GOAL OF THE EXERCISE:
Lines from the one with "Danish starting goalie" up to and including the one with "Papaya Alcohol-Free Herbal" are to be copied exactly from the records below, without their pictures.

------ DATA TO EXAMINE

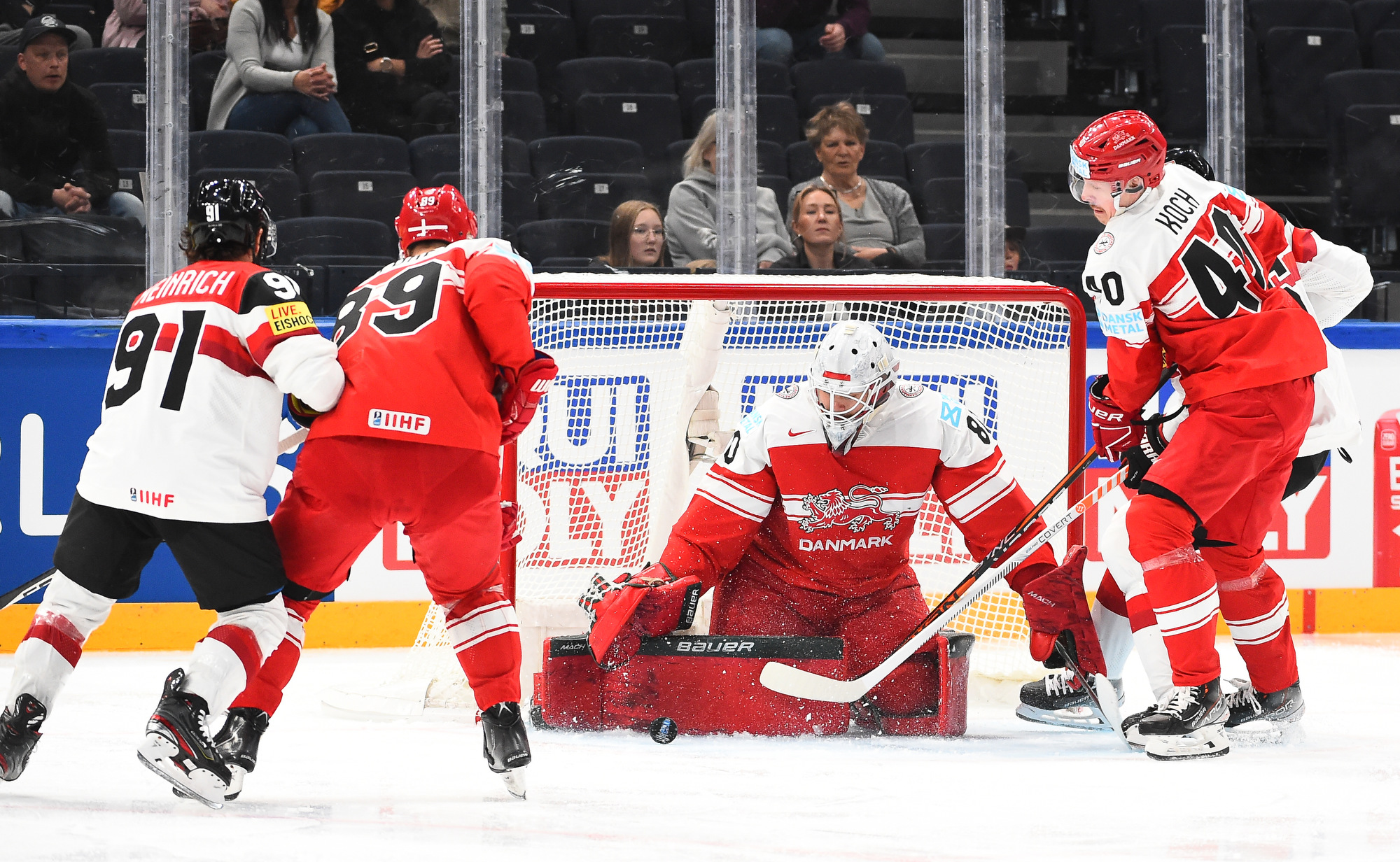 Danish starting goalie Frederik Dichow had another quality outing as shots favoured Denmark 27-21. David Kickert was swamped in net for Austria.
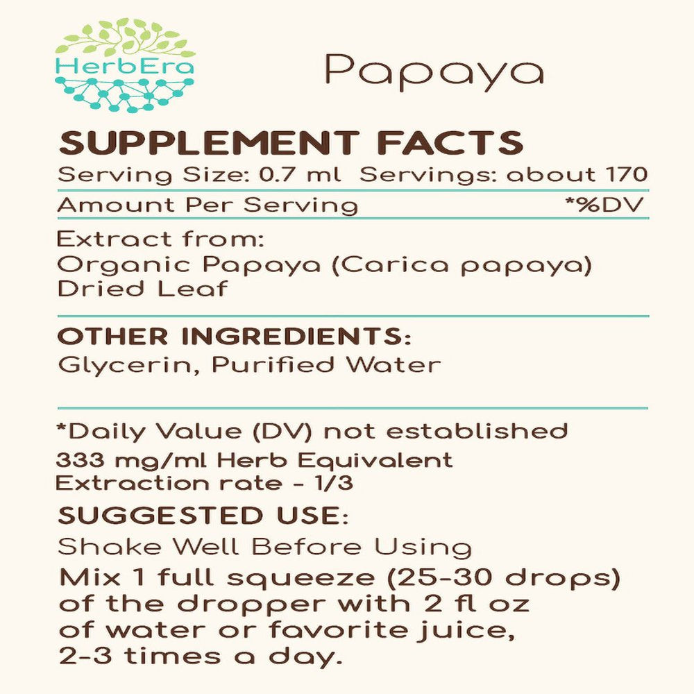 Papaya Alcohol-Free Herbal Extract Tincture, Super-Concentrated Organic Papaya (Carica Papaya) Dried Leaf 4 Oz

------------
------ DATA TO EXAMINE

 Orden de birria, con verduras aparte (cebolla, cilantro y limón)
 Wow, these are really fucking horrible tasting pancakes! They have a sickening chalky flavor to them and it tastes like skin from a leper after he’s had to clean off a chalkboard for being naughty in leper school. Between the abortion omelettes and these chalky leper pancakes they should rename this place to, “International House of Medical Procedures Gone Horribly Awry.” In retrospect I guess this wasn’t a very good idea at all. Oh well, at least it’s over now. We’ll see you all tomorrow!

------------
------ DATA TO EXAMINE

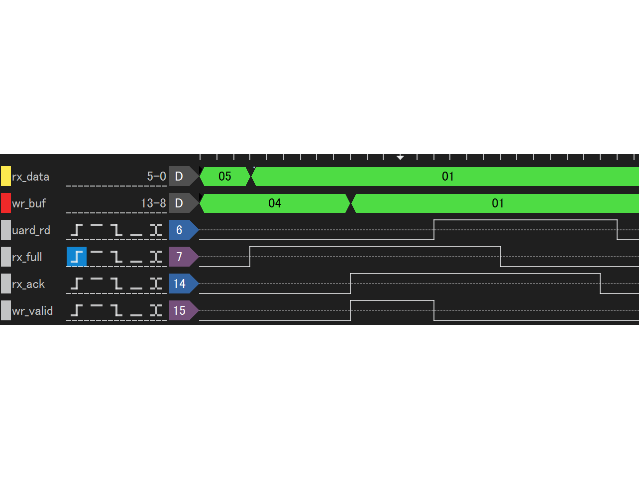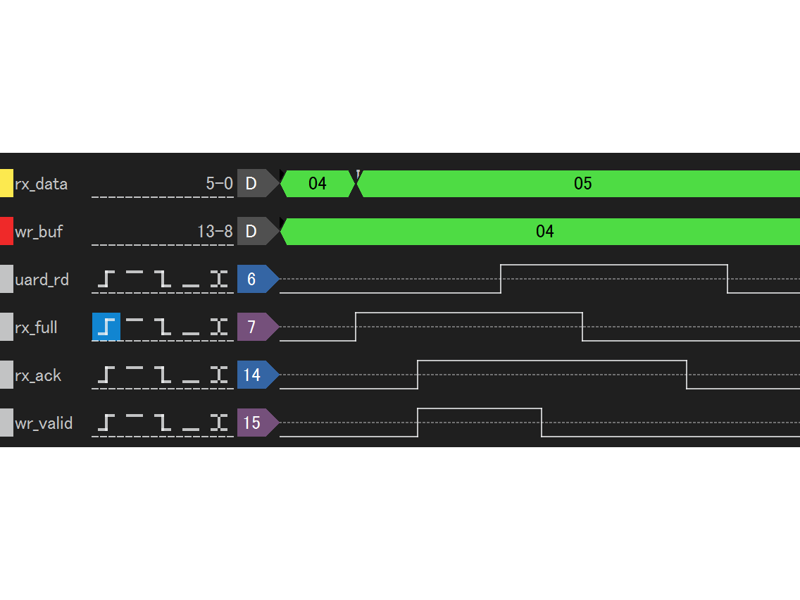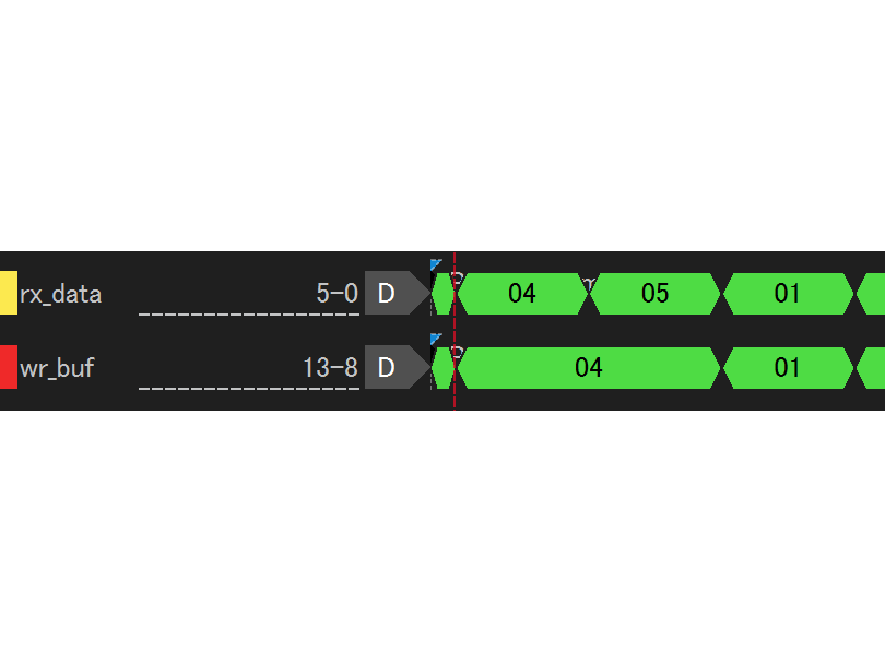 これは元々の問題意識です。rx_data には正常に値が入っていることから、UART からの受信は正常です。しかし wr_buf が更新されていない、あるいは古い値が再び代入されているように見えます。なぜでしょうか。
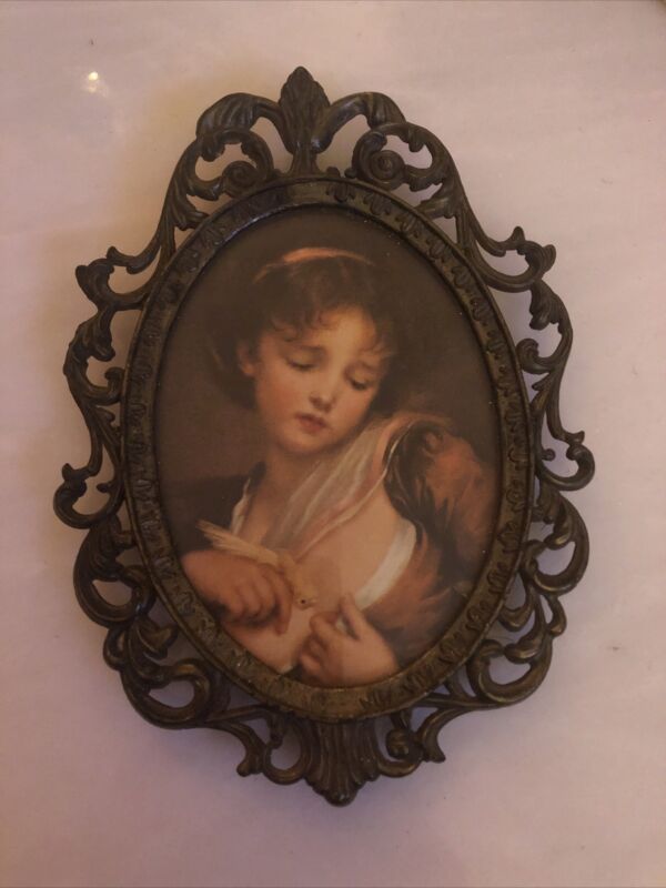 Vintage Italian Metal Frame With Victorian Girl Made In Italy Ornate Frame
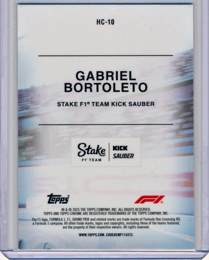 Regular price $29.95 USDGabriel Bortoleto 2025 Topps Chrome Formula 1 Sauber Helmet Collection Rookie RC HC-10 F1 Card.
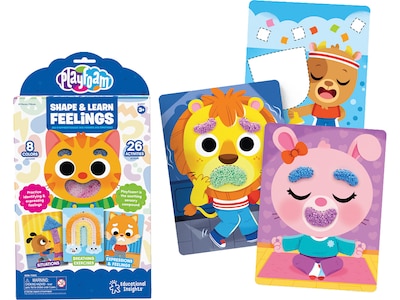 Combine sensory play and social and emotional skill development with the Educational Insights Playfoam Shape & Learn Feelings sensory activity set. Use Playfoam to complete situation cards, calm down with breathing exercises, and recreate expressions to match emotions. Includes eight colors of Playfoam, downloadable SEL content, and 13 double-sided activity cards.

------------

THE COMPLETED TASK:
 Danish starting goalie Frederik Dichow had another quality outing as shots favoured Denmark 27-21. David Kickert was swamped in net for Austria.
 Papaya Alcohol-Free Herbal Extract Tincture, Super-Concentrated Organic Papaya (Carica Papaya) Dried Leaf 4 Oz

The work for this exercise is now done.